In order to complete the analysis, I am going to use R programming. To see and download the data in order to follow along the process, please click on the Get Data button.
This is a dataset containing information about the incidents with guns during a period of two years (01.01.2017 until the 28.12.2019). The variables contained in the dataset are the following:
S.No : Numbering of the incidents
Year : The year of the incident.
Month : The month of the incident.
Date : The complete data of the incident.
Reason : The reason of the gun use.
Education : The education of the person that used the gun.
Sex : Sex of the person that used the gun.
Age : The age of the person that used the gun.
Race : The race of the person that used the gun.
Hispanic : -No Comment-
Place of incident : Place where the usage of the gun took place.
Police Involvement : Whether there was involvement of the police.
Those, are the variables that exist in the data frame. As you can see I did not comment on the variable Hispanic, and the reason is that I do not fully understand what is the meaning of this variable. So I will not use it in any of my calculations. Apart from that I will drop S.No variable as it is used just for indexing and we do not want such a thing.
In this analysis, we are going to begin with an EDA (exploratory data analysis) in order to see all the details about the variables and we will create some visualisations. Later on in a next post we will continue with a correlations check. In fact, we are going to see which (if any of the) variables have a major impact in the decision to use a gun or not. At the end I will try to create predictive model in order to check how likely are people with different characteristics (the variables written above) in the future to use a gun.
Cleaning/Preprocessing
Initially, we are going to load all the libraries that we are going to need in order to complete all the tasks written above.
library(dplyr)
library(tidyr)
library(ggplot2)
library(plotrix)
library(ggeasy)
library(forcats)
So let us load the data and check if any missing values exist.

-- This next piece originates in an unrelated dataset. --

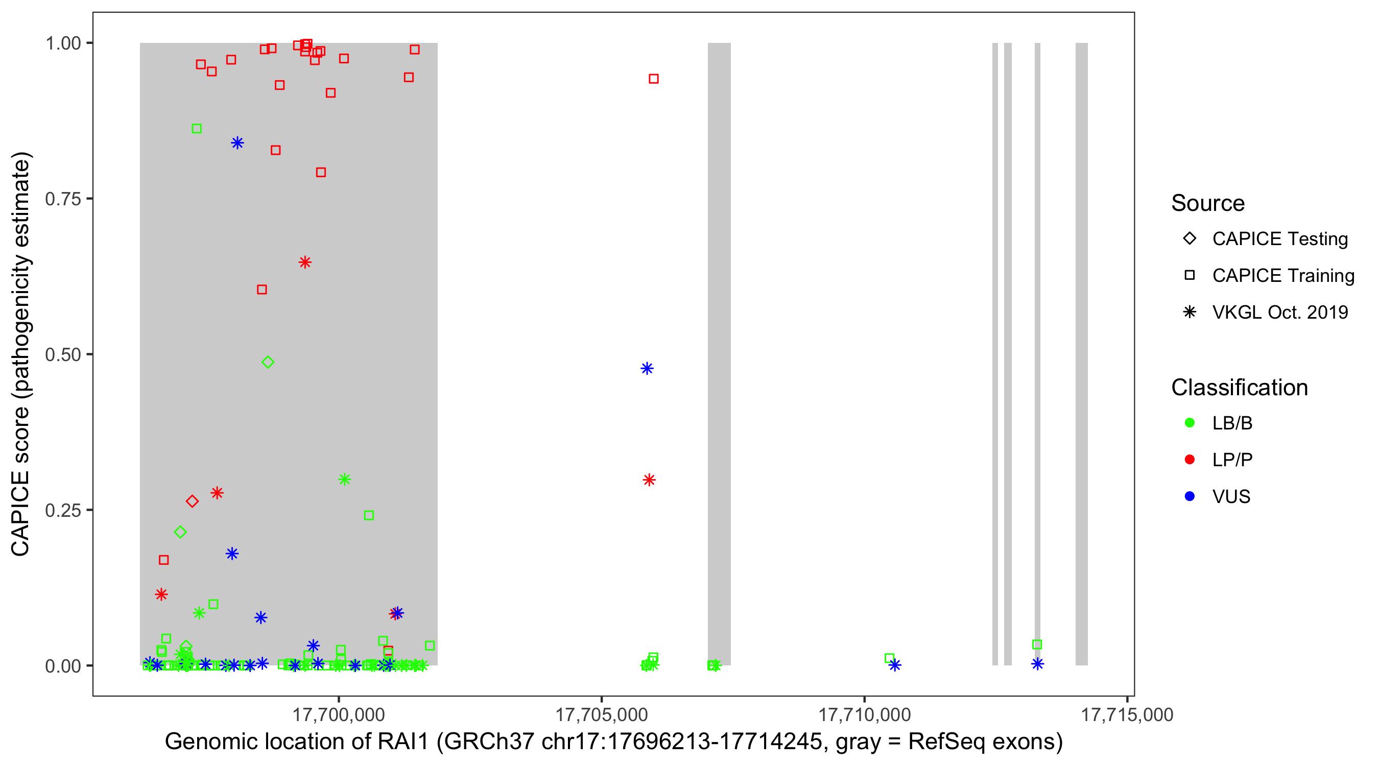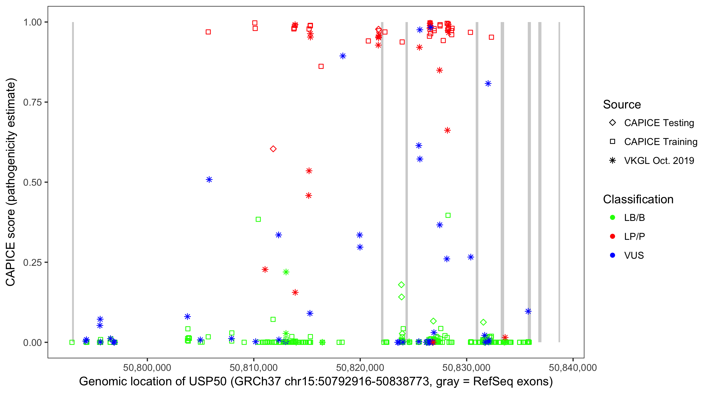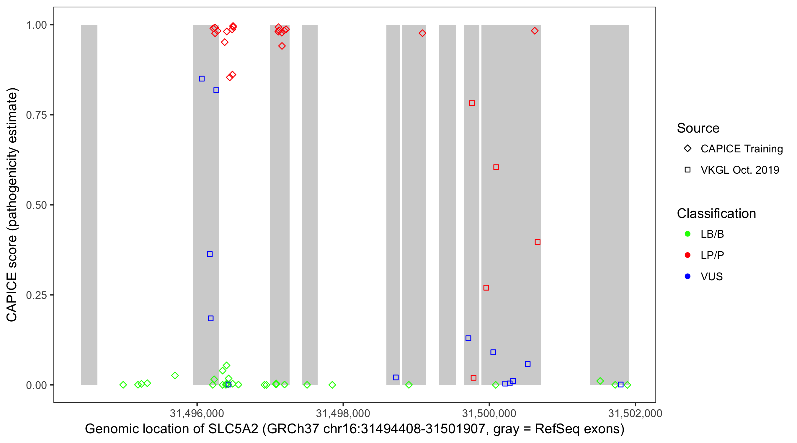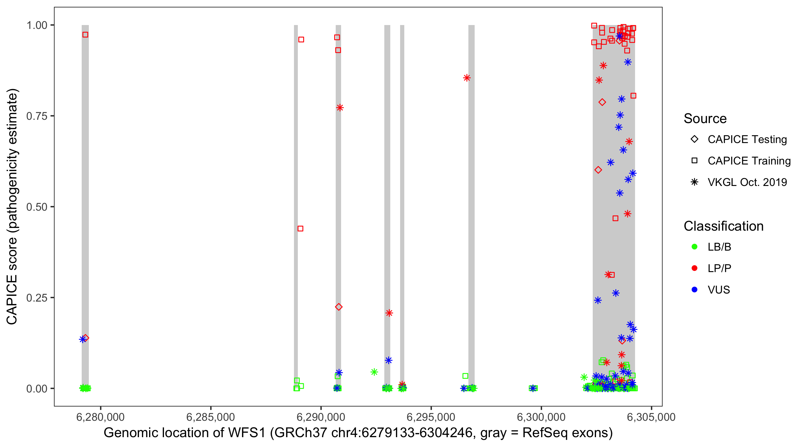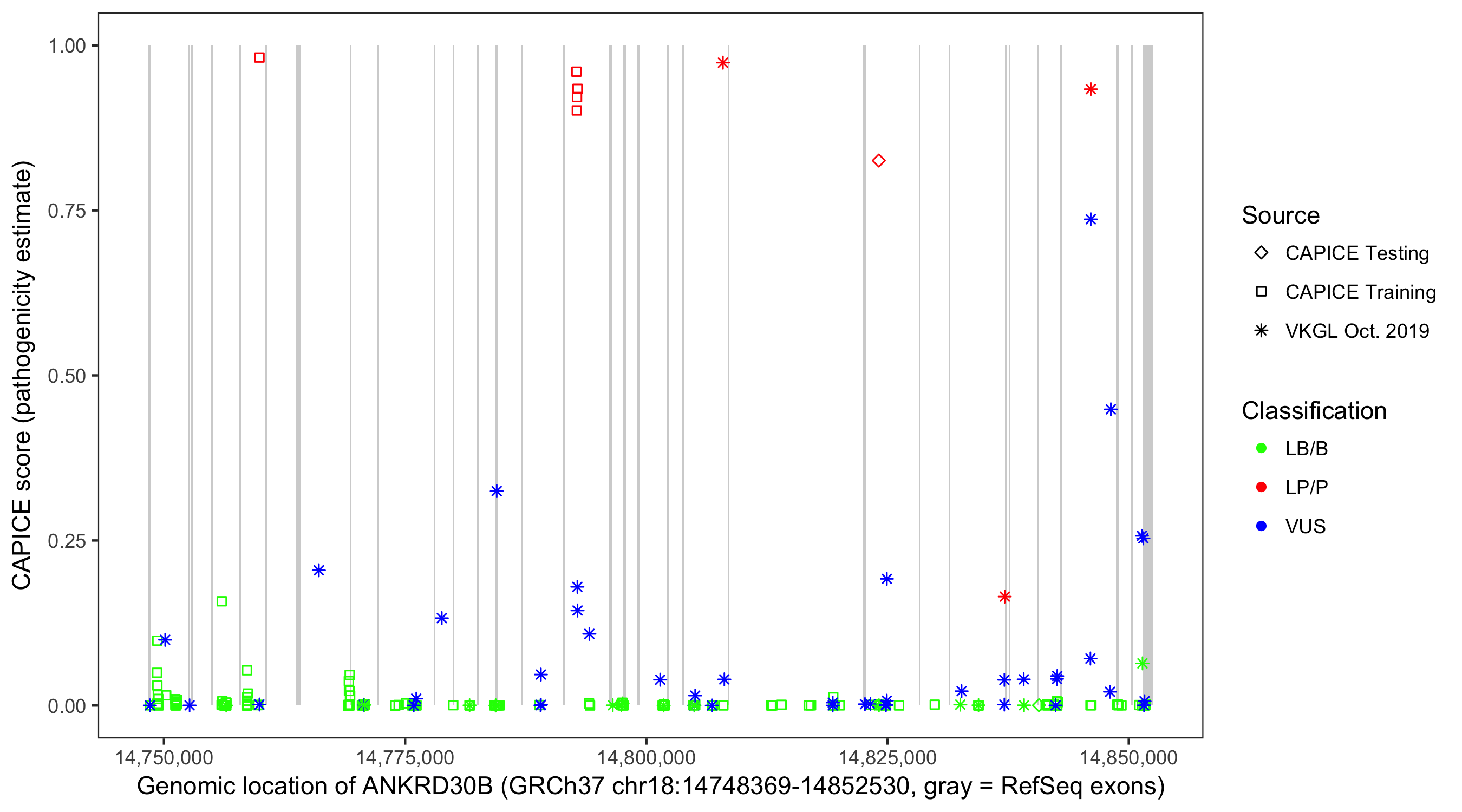 Shown are CAPICE train/test variants plus VKGL Oct 2019.

df <- read.csv('.../Guns incident Data.csv')
head(df, n =5)
We see here that the Date variable is a Date. Reason, Education, Sex, Race, Place.of.Incident are sting variables and Police.involvement is a factor variable. Police.involvement contains only two variables, 0 and 1 (meaning that police did not or did involved, respectively, in the incident). S.No. is just for indexing (we are not going to use it). Lastly, Year and Month variables contain numbers but are categorical variables so there is no meaning in using those variables as numbers.
apply(apply(df, 2, is.na),2,sum)
Here we have the variables and the number of missing values presented under the variable's title. Let us try to interpret the missing values.
Education : Number of missing values 1422.
df %>%
select(Reason, Education, Age) %>%
filter(is.na(Education)) %>%
head(n = 10)
We can see here the Age of the people that were part of the incident. From that data we can see that people's age vary, in the group of Education's missing values. My intuition is that the information is not missing but those people have not acquired any further education, other than the mandatory one. Hence, I am going to replace, missing values with "No_Education"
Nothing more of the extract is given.